## INSTRUCTIONS FOR THE TASK
Nothing but text lines should be duplicated: start with the first line of the listing below and stop after the line holding "メンズソックス スポーツ リブ", omitting pictures.

## DATA EXTRACT
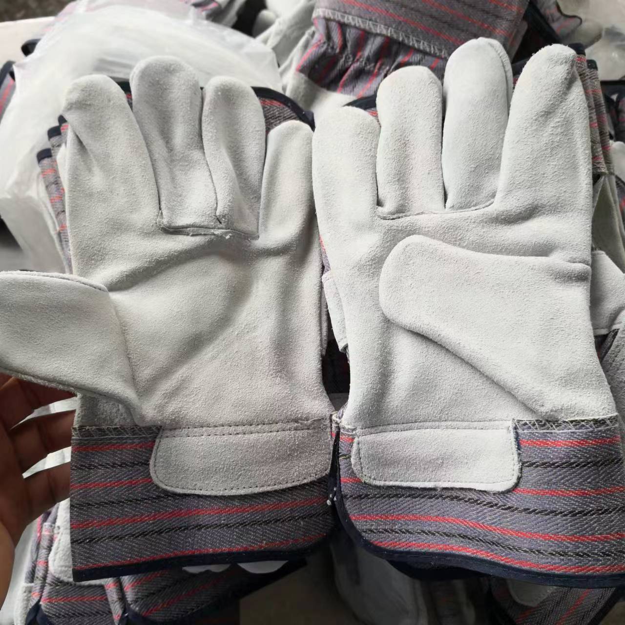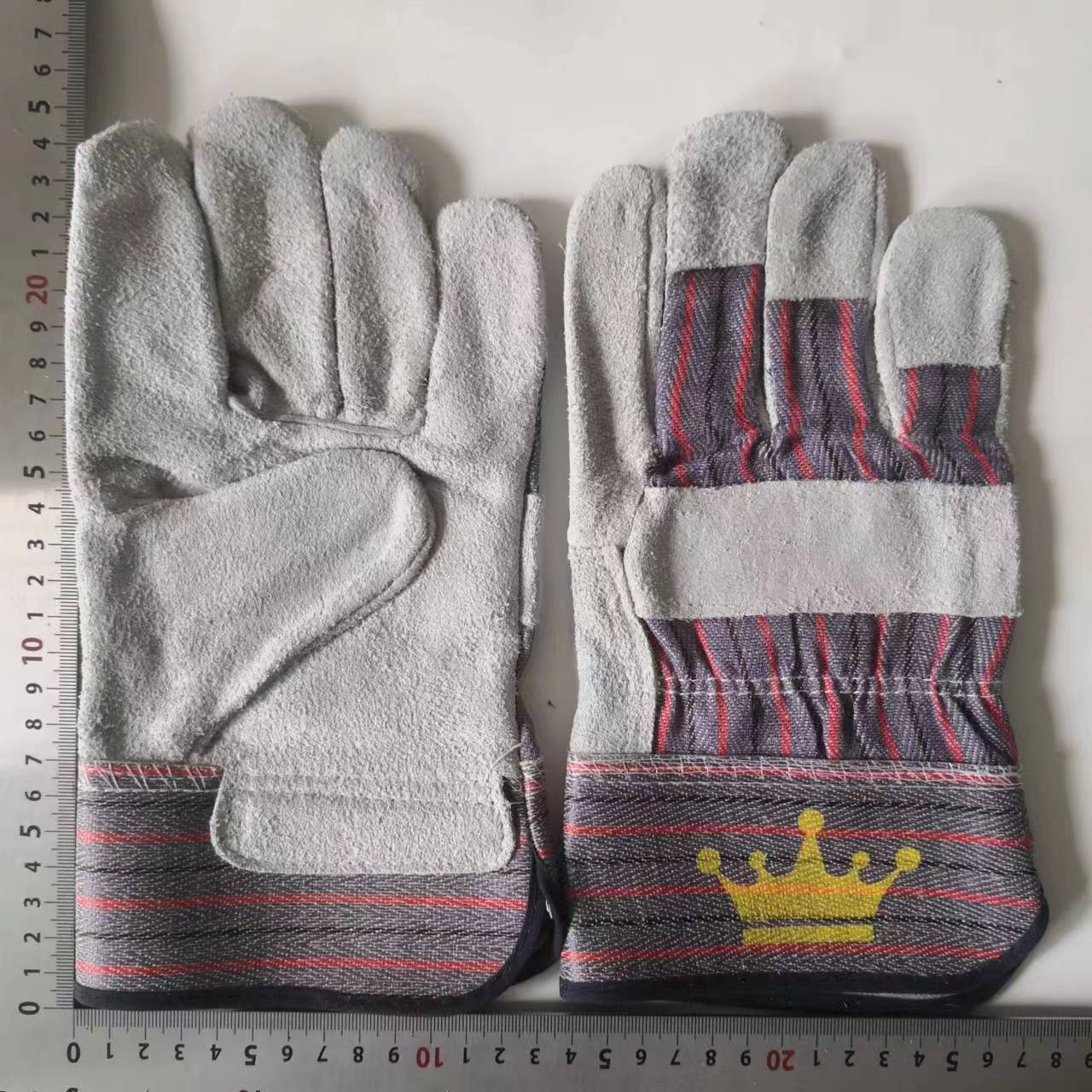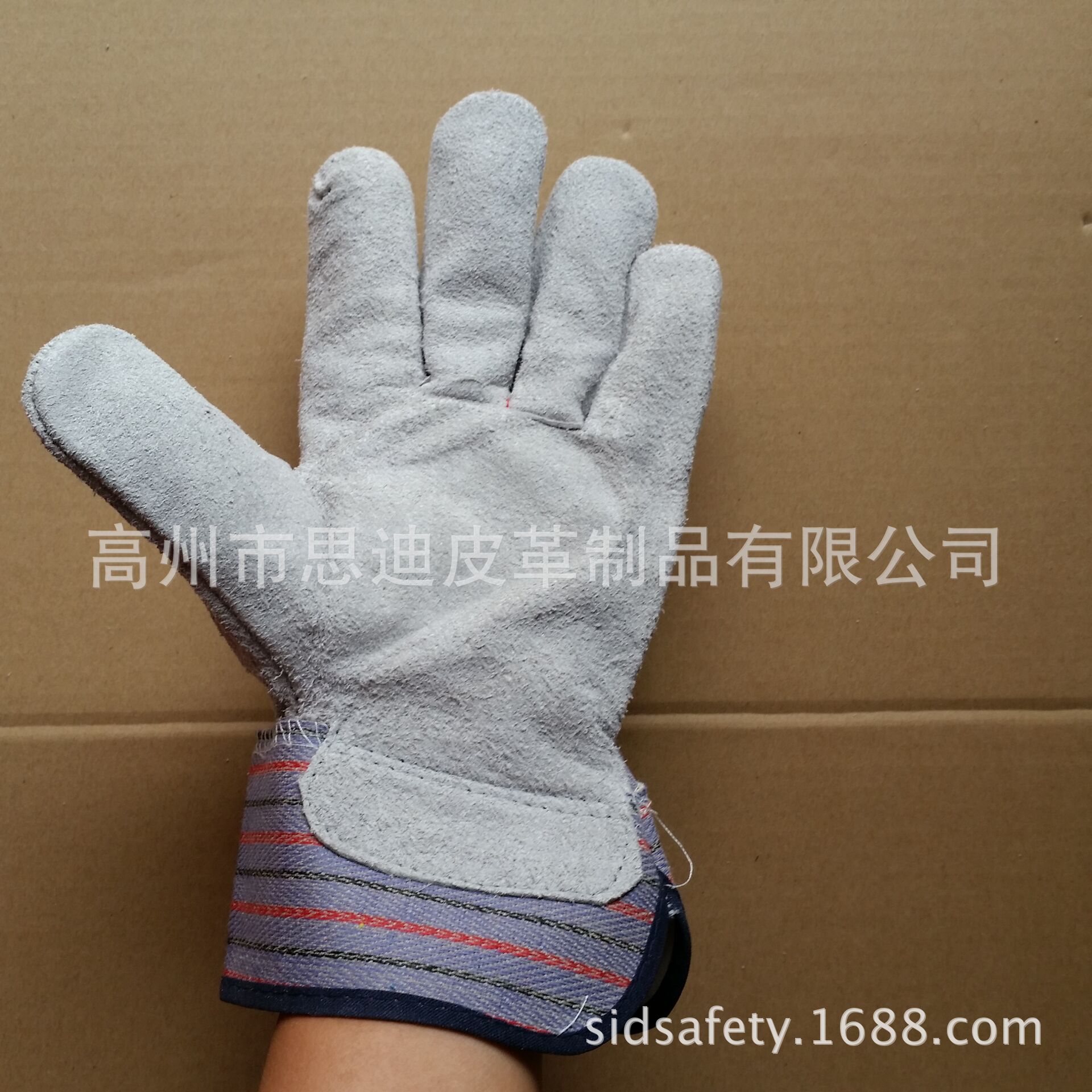 작업용 가죽장갑, 파란색, 검정색, 빨간색 줄무늬 천, 짧은 소가죽, 반가죽장갑, 대외 무역 스웨이드 가죽장갑, 고무소매스토어 가기
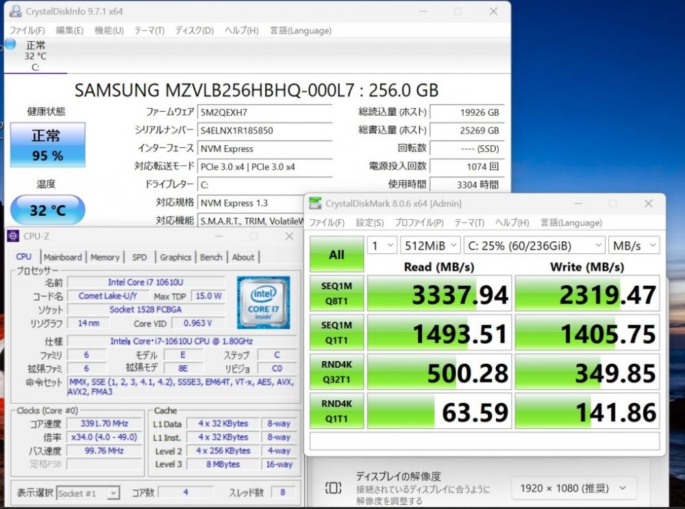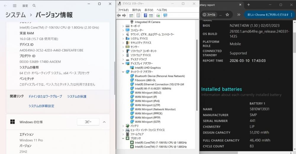 | CPU: 超高速 Intel 超高性能 第10世代Core i7-10610U 1.8Ghz、 4コア8スレッド (ターボ・ブースト利用時の最大周波数 4.9GHz) |
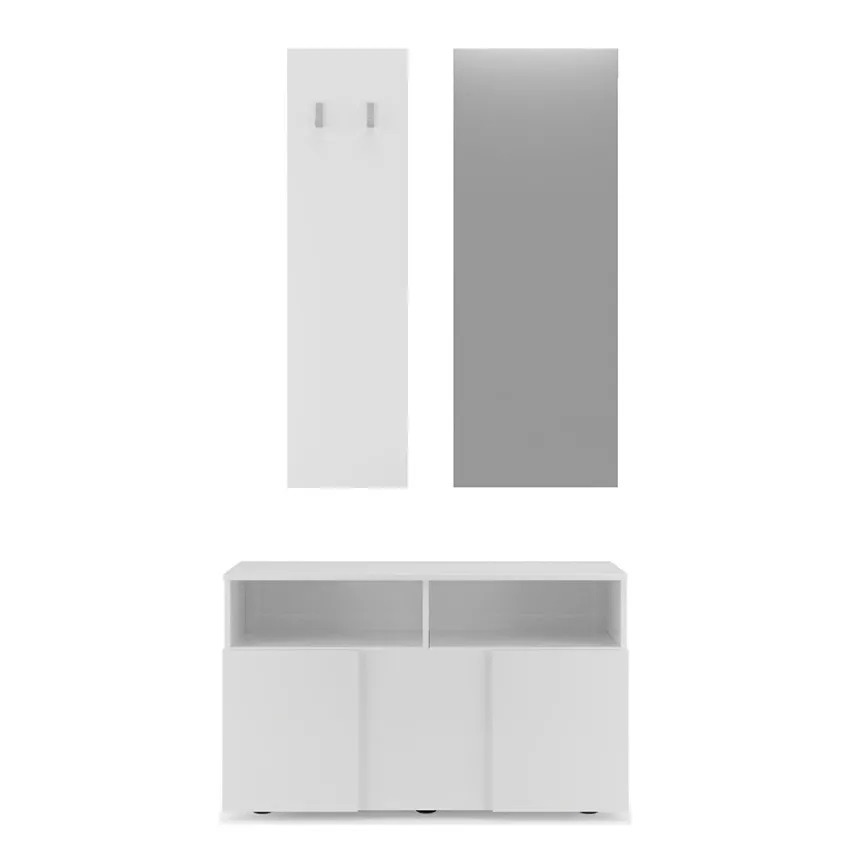Deze halmeubelset is mooi afgewerkt in de kleur hoogglans wit. Dit garderobeset Dama bestaat uit 3 elementen: 1 spiegel, 1 kapstokpaneel en 1 schoenenbank. De schoenenbank is voorzien van 2 open vakken en 1 deur met daar achter legplanken waarop u de schoenen of andere spullen kunt plaatsen.
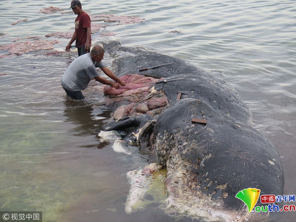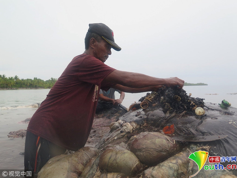 當地時間2018年11月19日,印尼瓦卡托比,當地發(fā)現一頭擱淺的鯨,肚子里滿是塑料垃圾。它的腹中有12斤塑料垃圾,其中包括115個杯子。
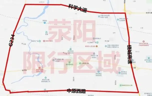 2.限行区域:G234以东、绕城高速以西、科学大道以南、中原西路以北区域内的所有道路(不含G234、科学大道、中原西路)。
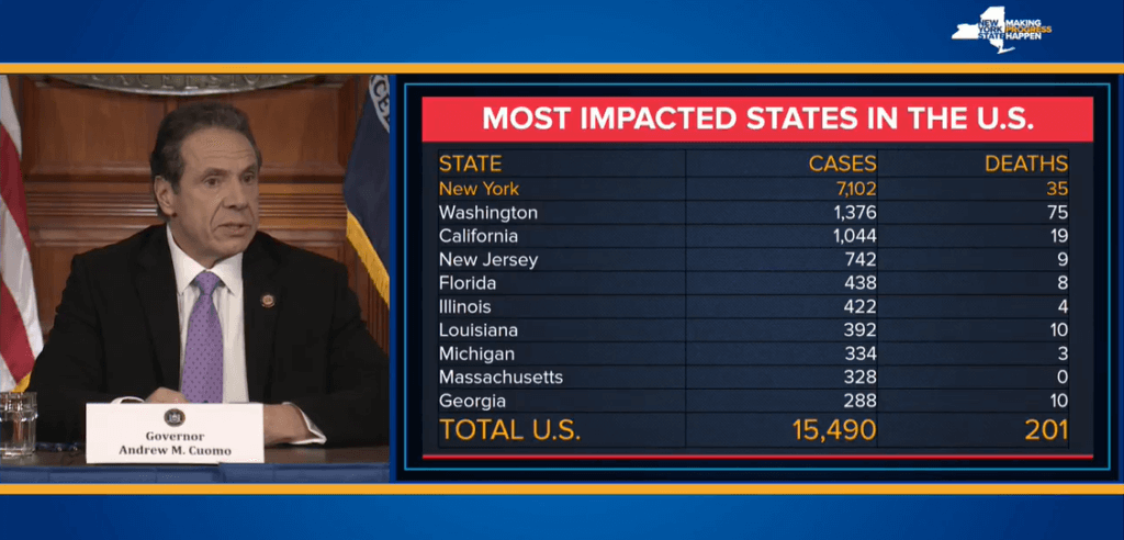 As of Friday morning, March 20, New York state had 7,102 positive coronavirus cases, including 4,408 in New York City. Since March 1, 32,427 New Yorkers have been tested, according to Cuomo.
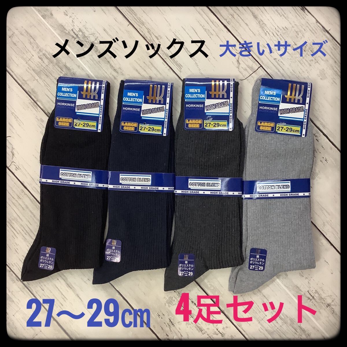 メンズソックス スポーツ リブ 綿混 4足 セット 27〜29㎝ 大きいサイズ 靴下 ビジネスソックス ブラック ネイビー チャコールグレー グレー
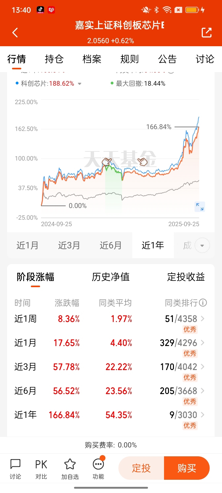 科技实为当今主线,科创板芯片领域带头冲锋,现在国产替代化加速,政策支持利好不断。今日科创板芯片虽有所小跌但是无伤大雅,$嘉实上证科创板芯片ETF发起联接C$ 业绩非常出色,近一年收益166.84%在同类产品中排名第九名列前茅,紧密跟踪上证科创板芯片指数,聚焦半导体材料和设备、芯片设计和制造等环节,具有高波动高成长性特点,适合风险偏好较高投资者,它门槛低费率清晰,如今国产化进程加速市场需求越来越大,趁现在回调期间有想法的可以入手配置一些。
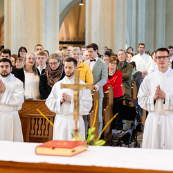 Am 10. Mai weihte Weihbischof Franz Scharl in der Pfarrkirche St. Leopold Donaufeld sieben Männer zu Diakonen für die Erzdiözese Wien. Die Kandidaten kommen aus verschiedenen Gemeinschaften: drei aus dem Wiener Priesterseminar, einer aus dem Benediktinerpriorat St. Josef in Maria Roggendorf und drei aus dem diözesanen Missionskolleg „Redemptoris Mater". Manuel Rennhofer, Joachim Loshehand und Julius Moses Münzer kommen aus dem Wiener Priesterseminar, P. Leo Maria Zehetgruber gehört dem Benediktinerpriorat St. Josef in Maria Roggendorf an drei weitere Kandidaten stammen aus dem diözesanen Missionskolleg „Redemptoris Mater“. Diese Vielfalt unterstreicht die Breite der geistlichen Berufungen in der Erzdiözese. Wir waren mit der Kamera dabei.
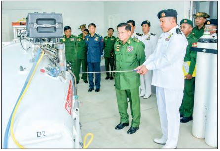 The Senior General and party watched an underwater disturbance exercise, dual air-sharing exercise, and swimming underwater with the use of the underwater compass. They also viewed round the 10 Men Hyperbaric Medical Treatment Chamber, the Diving Tower and the escape training of members of the Tatmadaw (Navy).
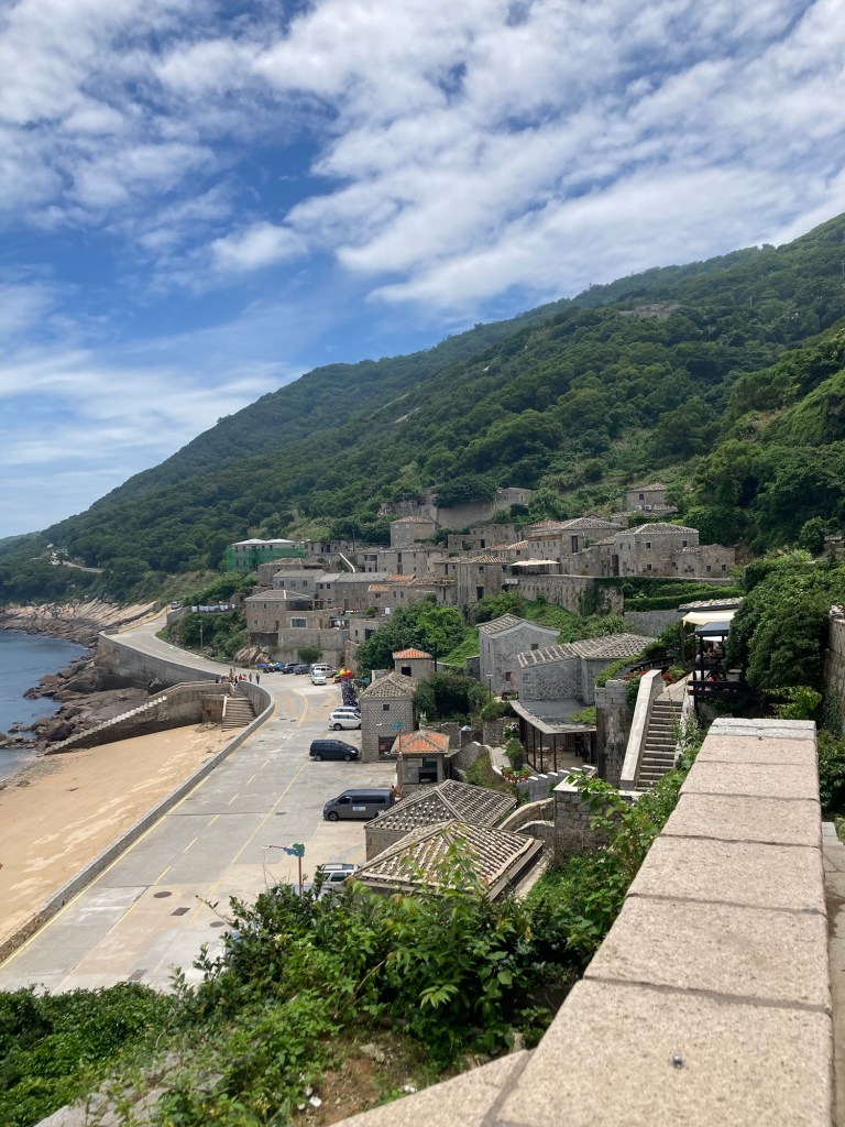 享用完老酒麵線以後,順著往下走,就可以抵達芹壁聚落,在海邊沿著地形起伏築起一間一間的石頭房子,大白天看去,像是沙堡、也像積木一般,亂中有序、十分有特色。

## RESULT
 작업용 가죽장갑, 파란색, 검정색, 빨간색 줄무늬 천, 짧은 소가죽, 반가죽장갑, 대외 무역 스웨이드 가죽장갑, 고무소매스토어 가기
 | CPU: 超高速 Intel 超高性能 第10世代Core i7-10610U 1.8Ghz、 4コア8スレッド (ターボ・ブースト利用時の最大周波数 4.9GHz) |
Deze halmeubelset is mooi afgewerkt in de kleur hoogglans wit. Dit garderobeset Dama bestaat uit 3 elementen: 1 spiegel, 1 kapstokpaneel en 1 schoenenbank. De schoenenbank is voorzien van 2 open vakken en 1 deur met daar achter legplanken waarop u de schoenen of andere spullen kunt plaatsen.
 當地時間2018年11月19日,印尼瓦卡托比,當地發(fā)現一頭擱淺的鯨,肚子里滿是塑料垃圾。它的腹中有12斤塑料垃圾,其中包括115個杯子。
 2.限行区域:G234以东、绕城高速以西、科学大道以南、中原西路以北区域内的所有道路(不含G234、科学大道、中原西路)。
 As of Friday morning, March 20, New York state had 7,102 positive coronavirus cases, including 4,408 in New York City. Since March 1, 32,427 New Yorkers have been tested, according to Cuomo.
 メンズソックス スポーツ リブ 綿混 4足 セット 27〜29㎝ 大きいサイズ 靴下 ビジネスソックス ブラック ネイビー チャコールグレー グレー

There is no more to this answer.